Notre voyage a été organisé par l’agence Hors-piste et plus spécifiquement par Antoine. S’il n’est pas indispensable d’être accompagné pour la Namibie, il était en revanche indispensable de l’être pour le Botswana. Aussi, le recours a une agence pour combiner les deux destinations a été un véritable gain de confort. Nous avons été suivis du début à la fin, ayant toujours quelqu’un à contacter sur la route en cas de problème. L’agence nous a également toutes nos procédures Covid (réservation de tests, suivi des résultats) et nous a aidés à obtenir les visas. Bref, nous sommes partis en confiance !

Le site: https://www.horspistes-afrique-australe.com/

Les activités

Parc national d’Etosha
L’entrée au parc est payante et les frais sont à régler à l’une des entrées du parcs. Il faut compter 50 NAD par tranche de 24h pour la voiture et 150 NAD par tranche de 24h par personne. Pensez à faire le plein avant d’entrer dans le parc ! Quand nous y étions, toutes les stations d’Etosha étaient vides.

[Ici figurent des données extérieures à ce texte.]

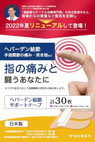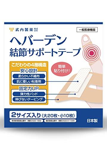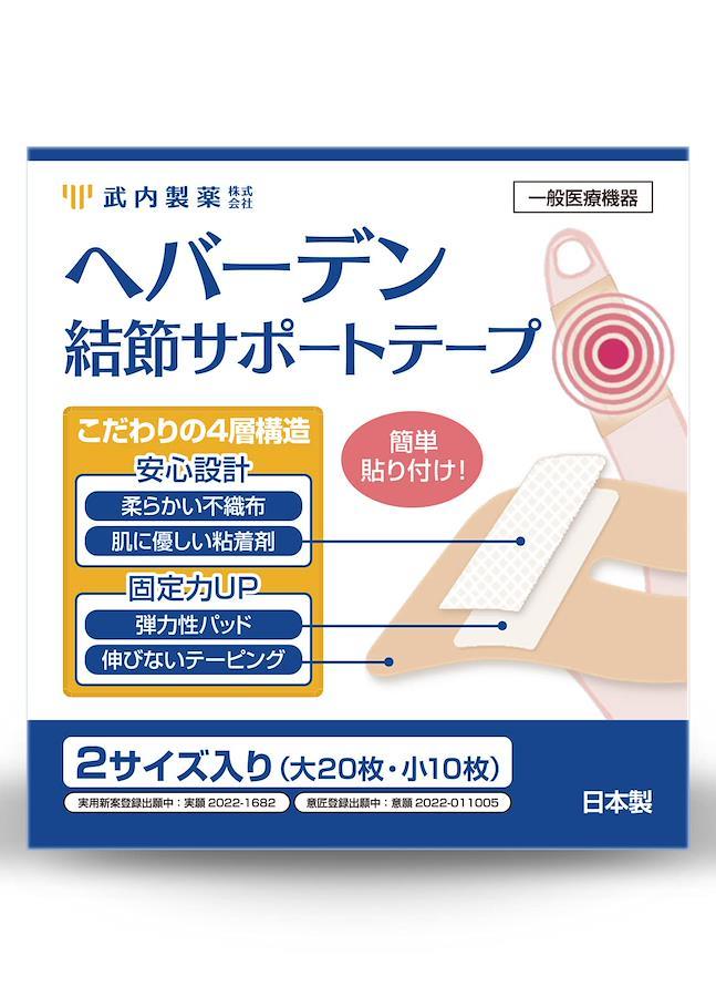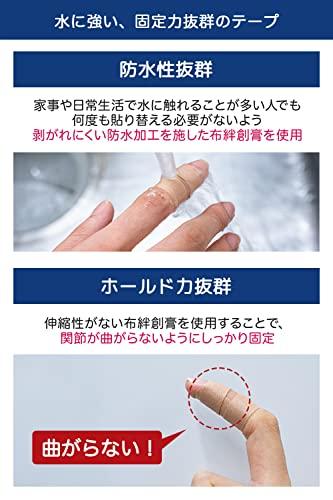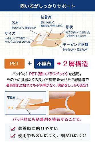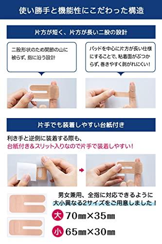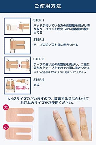 ?【専門医監修】運動器カテーテル治療専門医の奥野先生監修!へバーデン結節サポートテープ ?【2層構造でしっかりサポート】しっかり固定しながら肌に触れる部分は優しい素材を使用した、PETに不織布を乗せた2層構造。長時間の装着でも不快感なく指をしっかり固定。 ?【抜群の防水性&ホールド力】伸縮性がない絆創膏に防水加工を施したこだわりの仕様。家事や日常生活で水に触れた後でも貼り替え不要。 ?【機能性にこだわった構造】関節の山に被らず指に沿う二股設計。台紙付き&スリット入りで片手でも簡単に装着可能。さらに全指に対応できるよう大小異なる2サイズ。 ?【使い方】①パットが付いている方の台紙を剥がし切り取り、パッドを固定したい指関節の腹に当てる ②テープの短い辺を指に巻き付ける ③テープの長い辺の台紙を剥がし、二股に分かれたテープをそれぞれ指に巻きつける。
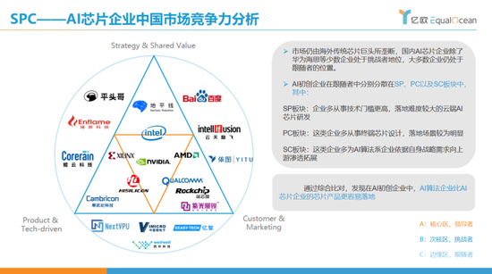 再看AI初创企业,多数AI芯片初创企业仍处于跟随者的位置,他们在产品和最终落地应用层面都还未成熟。通过综合对比AI芯片初创企业的竞争力,亿欧认为在AI芯片初创企业中,AI算法系企业比AI芯片系企业的芯片产品更容易落地。这也得益于目前多数AI算法系厂商已经通过系统集成的方式成功将算法产品落地,AI算法公司参与到芯片设计会让他们在产品优化上具有主导权,更重要的是基于原先的业务,AI算法系厂商研制的AI芯片在实际落地上拥有更大优势。
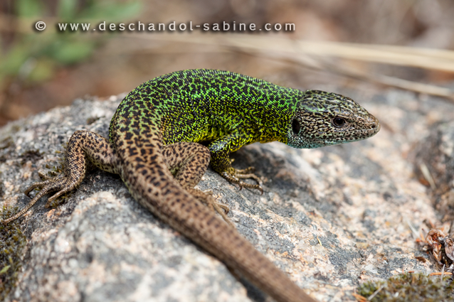 : Lézard de Schreiber (Lacerta schreiberi), mâle, Peneda-Gerês, Portugal.

Des livres d’or sont disponibles dans le parc pour aider à localiser les animaux. A défaut de pourvoir les consulter avant de partir, voici nos spots préférés à l’Est :

  • Dolomietpunt : 7 girafes, des vautours, des springboks et des oryx
  • Duineveld : 13 éléphants
  • Olifantsrus : 1 éléphant depuis la plateforme d’observation
  • Bitterwater : pour un festival de faune incluant des lions vers 17h

Et nos spots préférés au Sud :

  • Okaukuejo : pour le coucher du soleil
  • Gemsbokylakte : zèbres, springboks, autruches, gnous… et chacal !
  • Aus : 70 éléphants au même point d’eau
Le logement

Toshari Lodge, Portion 1, Farm Afguns, Outjo, C38
Le lodge était vraiment magnifique. On a adoré les installations communes, les buffets du soir et du petit déjeuner, les grandes ouvertures sur l’extérieur… notre chambre était immense et confortable. Bref : un sans-faute.

On a adoré ce lodge mais, avec le recul, on regrette un peu de ne pas avoir passé au moins une nuit dans le parc pour éviter de courir en essayant de respecter (à peu près…) les horaires. On aurait ainsi pu profiter des points d’eau plus longuement en fin de journée où l’activité des animaux est vraiment plus importante. Si c’était à refaire, on choisirait sans doute l’Ouest du parc, moins fréquenté.

Onguma Tamboti Campsite, Etosha NP
Situé à l’Est d’Etosha, dans l’enceinte même du parc, ce campsite semble sympa mais nous ne l’avons vu que de nuit. En revanche, les installations sont de qualité (sanitaires à chaque emplacement) et le restaurant est accessible, avec vue directe sur le point d’eau de la réserve.

Les repas

Le diner du Toshari était vraiment de qualité, comme son petit-déjeuner. Les deux repas sont proposés sous forme de buffet dans un décor plein de charme et avec un personnel vraiment adorable.

Le camping d’Onguma propose aussi des repas, moins travaillés mais bien pratiques.